Parastega chionostigma

Scientific classification
- Domain: Eukaryota
- Kingdom: Animalia
- Phylum: Arthropoda
- Class: Insecta
- Order: Lepidoptera
- Family: Gelechiidae
- Genus: Parastega
- Species: P. chionostigma
- Binomial name: Parastega chionostigma (Walsingham, 1911)
- Synonyms: Telphusa chionostigma Walsingham, 1911 ; Parastega ochropis Meyrick, 1914 ;

= Parastega chionostigma =

- Authority: (Walsingham, 1911)

Species of moth

Parastega chionostigma is a moth in the family Gelechiidae. It was described by Thomas de Grey, 6th Baron Walsingham, in 1911. It is found in Panama, Ecuador and Suriname.
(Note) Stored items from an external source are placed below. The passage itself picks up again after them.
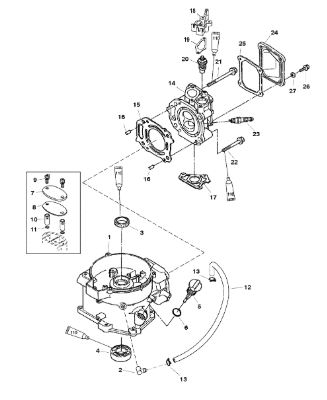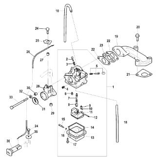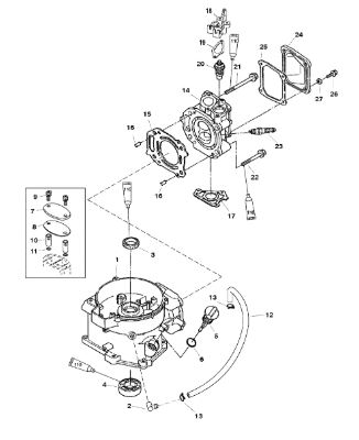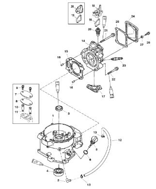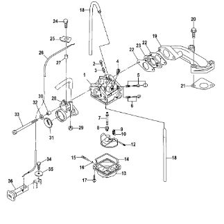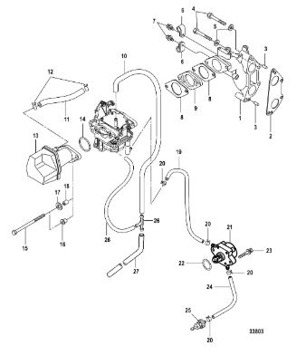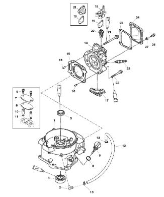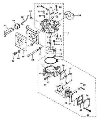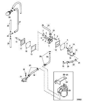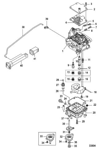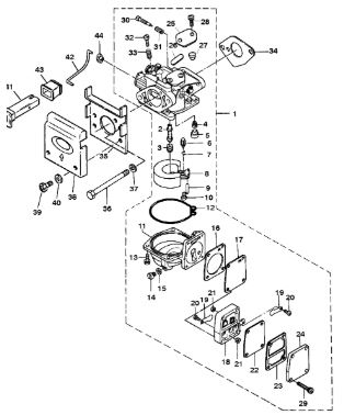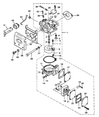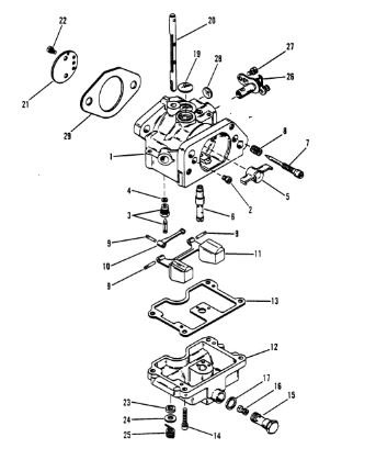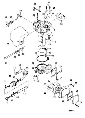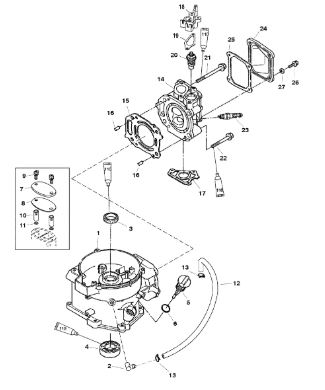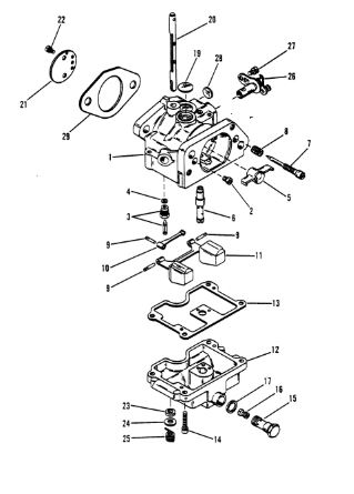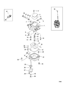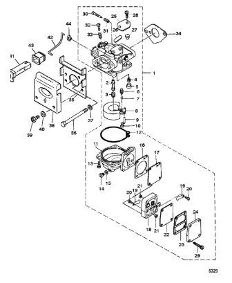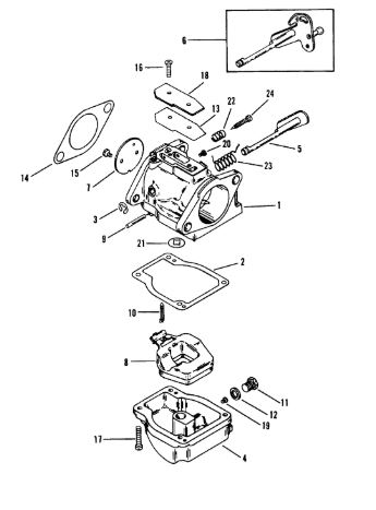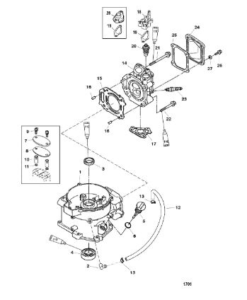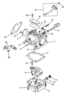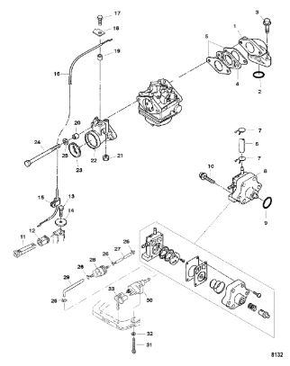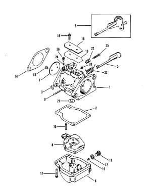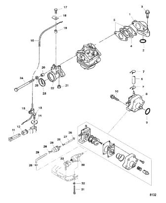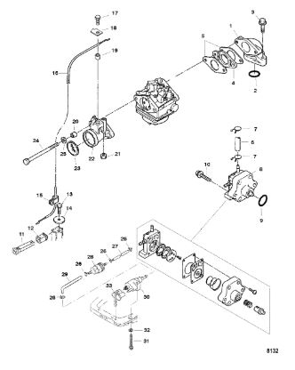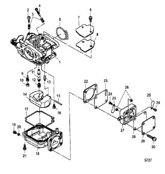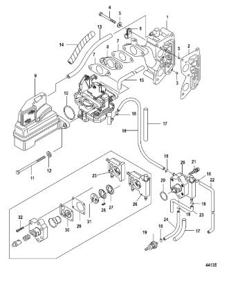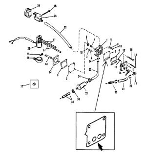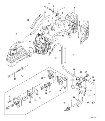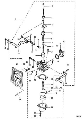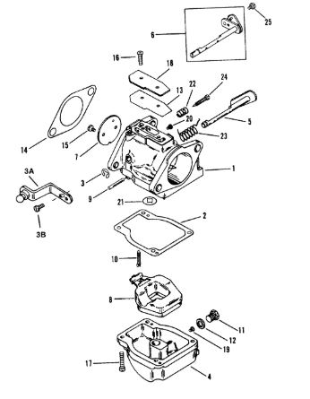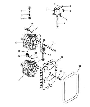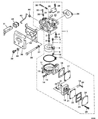 Карбюратор и пластина аттенюатора 2-Х ТАКТНОГО ПЛМ MERCURY 75 Серийный номер от 0A996142 до 0B240450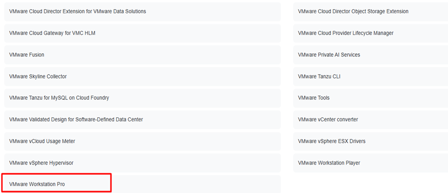 Ở thanh bên trái, nhấp vào mục VMware Products.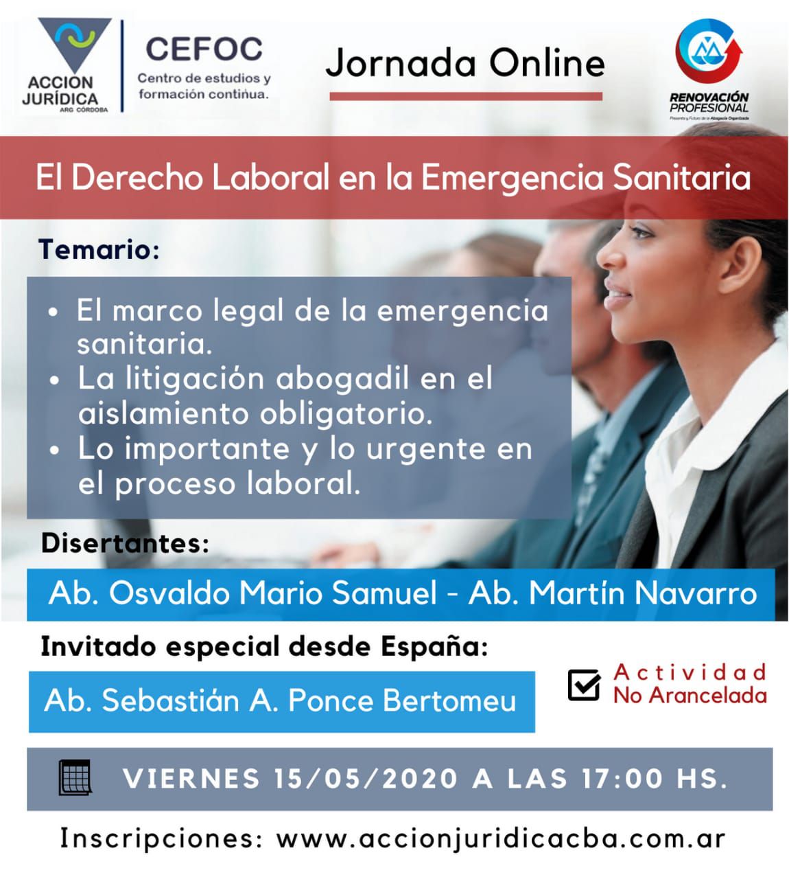 El Centro de estudios y formación continua CEFOC, desde ACCIÓN JURÍDICA ARG. CÓRDOBA y Renovación Profesional, te invitan a participar de la Jornada Online: El Derecho Laboral en la Emergencia Sanitaria, en el marco de la DIPLOMATURA: LAS CLAVES DEL PROCESO LABORAL EN LA PROVINCIA DE CÓRDOBA, a iniciar el próximo mes de Julio.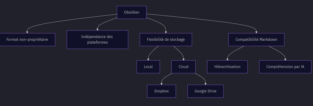 - Format non-propriétaire : Utilisation de fichiers texte en Markdown (.md)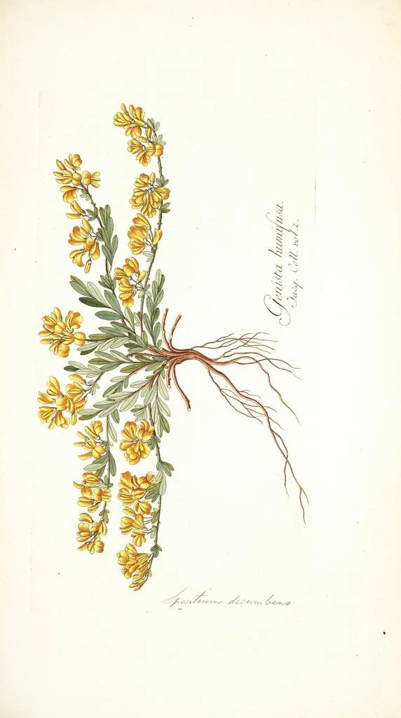 Nikolaus Joseph Freiherr von Jacquin, botanist och konstnär från 1700-talet, präglade sin tid med sina bidrag till vetenskapen och konsten. Född 1727 i Wien, påverkades han av upplysningstidens strömningar, som förespråkade observation och studier av naturen. Hans resor genom Europa och Västindien gjorde det möjligt för honom att upptäcka en mängd växter, som han sedan immortaliserade i sina verk. "Spartium decumbens" ingår i denna tradition av utforskning och dokumentation, vilket visar på botaniken betydelse under hans tid och sambandet mellan konst och vetenskap.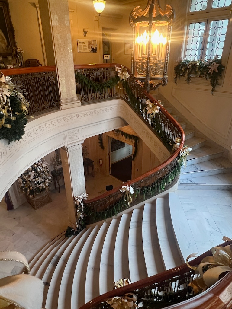 大宅的其中一個重要特色是一座宏偉的圓形大理石樓梯,帶領人們穿越城堡的各個房間。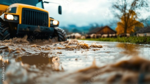 water, climate, crisis, machinery, splash, heavy, rain, wet, land, vehicle, seasonal, harvest, farming, earth, dirt, scenery, transport, motion, productivity, dirtied, tree, crop, tractor, flood, rural, mud, terrain, muddy, industry, outdoors, yellow, equipment, field, nature, country, environment, puddle, background, countryside, landscape, agriculture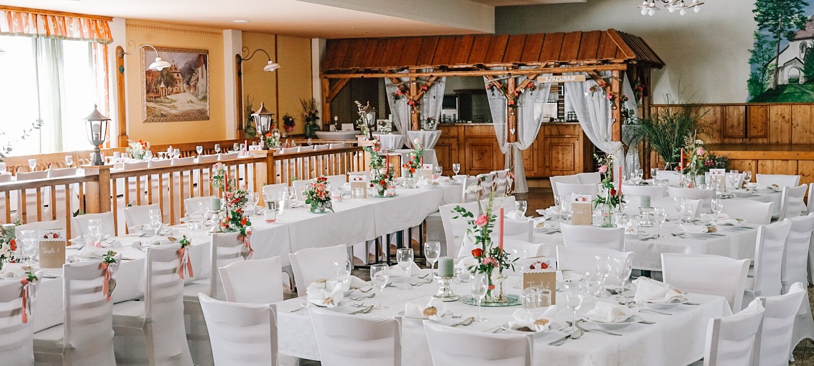 Einer der beliebtesten Veranstaltungssäle der Region mit insgesamt 400 Sitzplätzen für Hochzeiten und jede Art von Veranstaltungen und Events.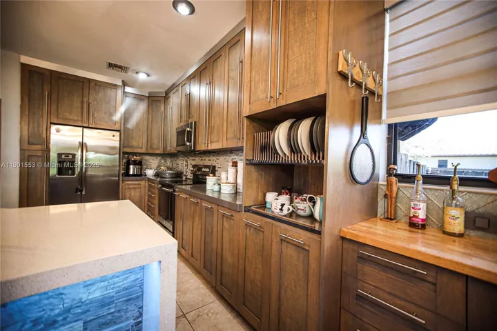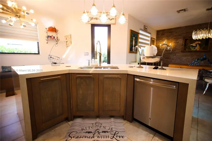 Welcome to this beautifully upgraded 5-bedroom, 3 bath corner-lot home in the desirable Silver Palms community. This residence offers a perfect blend of modern style, space, & functionality. The open layout features tile floors, spacious living & dining areas, & a stunning kitchen with ceiling-height cabinetry, quartz countertops, a waterfall island, SS appliances, a spice cabinet, plenty of storage, & a charming coffee bar. A private in-law suite on the 1st floor with a full cabana bath, ideal for guests or extended family. Upstairs, 4 bedrooms & 2 baths are complemented by elegant vinyl flooring, & a convenient laundry room. The primary suite includes a custom-built closet. The fenced backyard features an extended marble paved patio with lighting. The lot is large enough for a pool.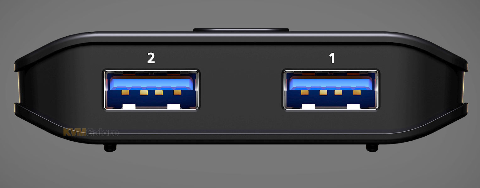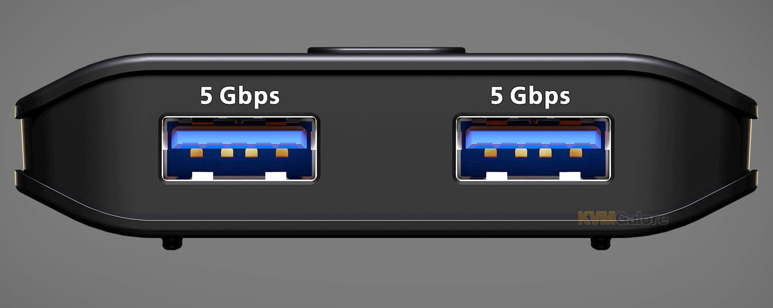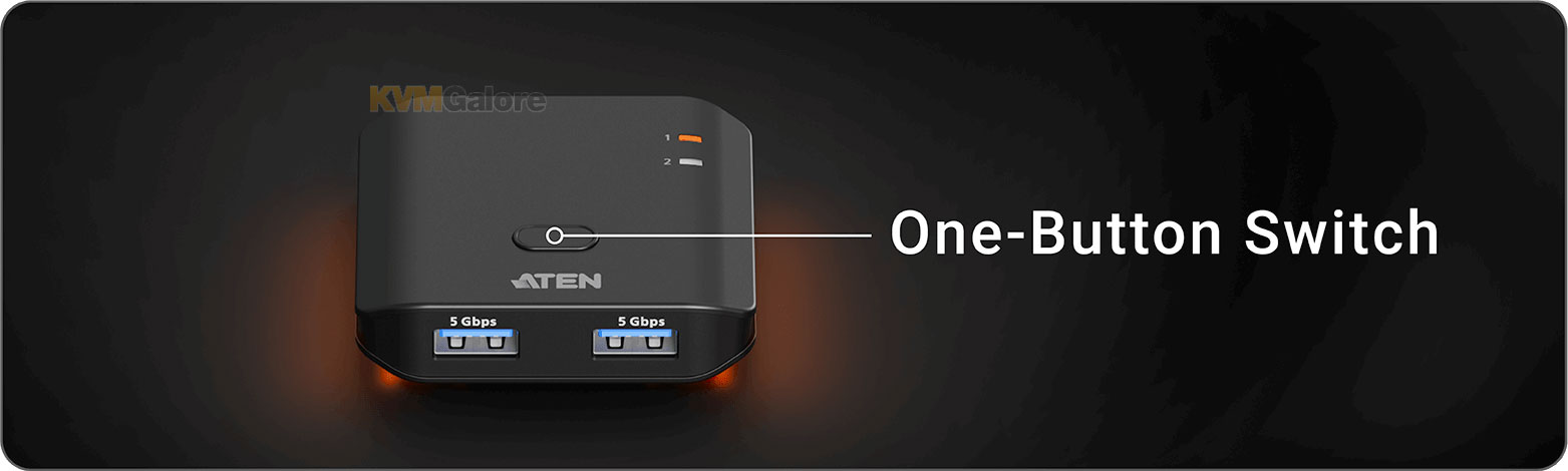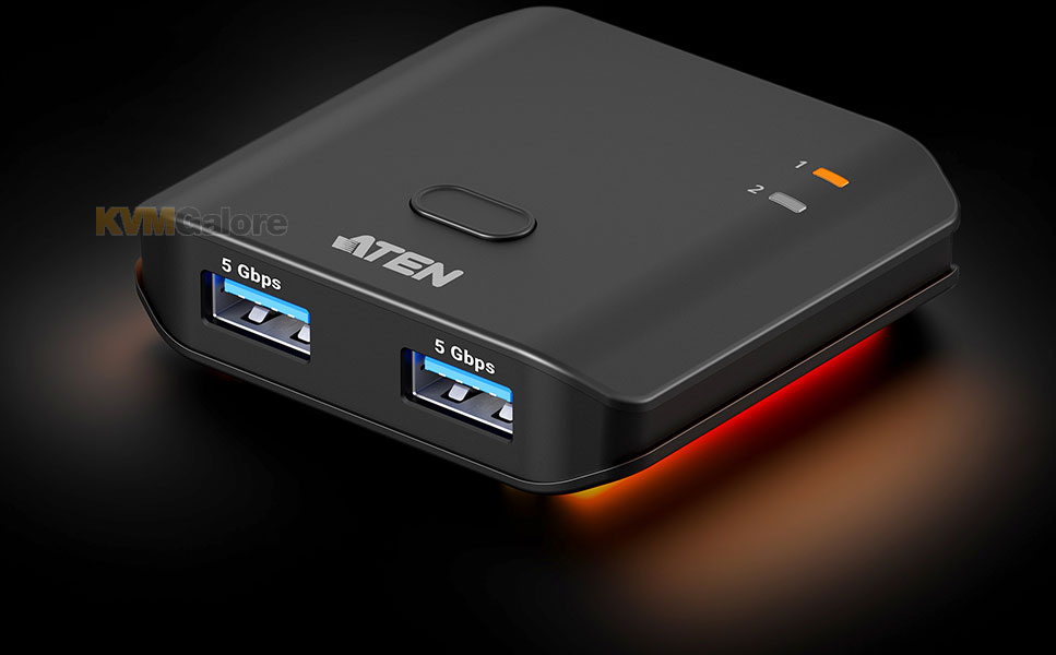 enables sharing of two USB peripherals at blazing-fast 5 Gbps between two PCs at a press of the push-button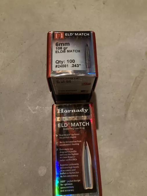 Hornady 108 ELDM bullets. $75 per box. 100 count boxes. 2 boxes of Lot 2220007. Willing to ship.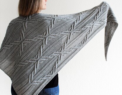Winter Serenade is an eye-catching triangular shawl with a beautiful large cable motif that swings across the body and transitions into a wide ribbed border.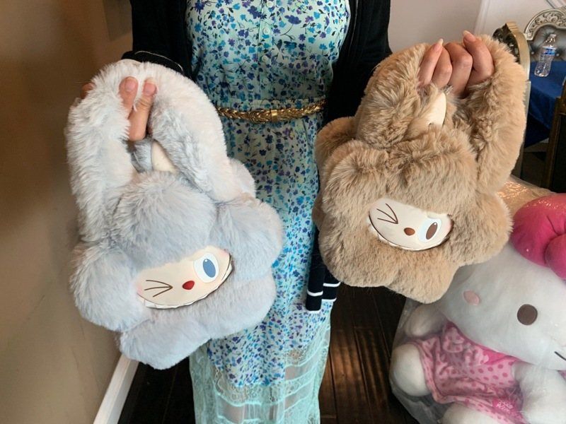 杨安立的Labubu毛绒包。(记者张宏/摄影)

The wingspan is about 19 mm. The forewings are deep purplish black, with two distinct, clearly defined, white spots. One ovate, placed obliquely, touching the costa at one-fourth from the base, its outer extremity resting on the fold, beyond which are a few ochreous scales in the fold. The other is semi-lunate, its base resting on the costa before the apex. There is a minute white dot at the extreme apex. The hindwings are smoky brownish fuscous.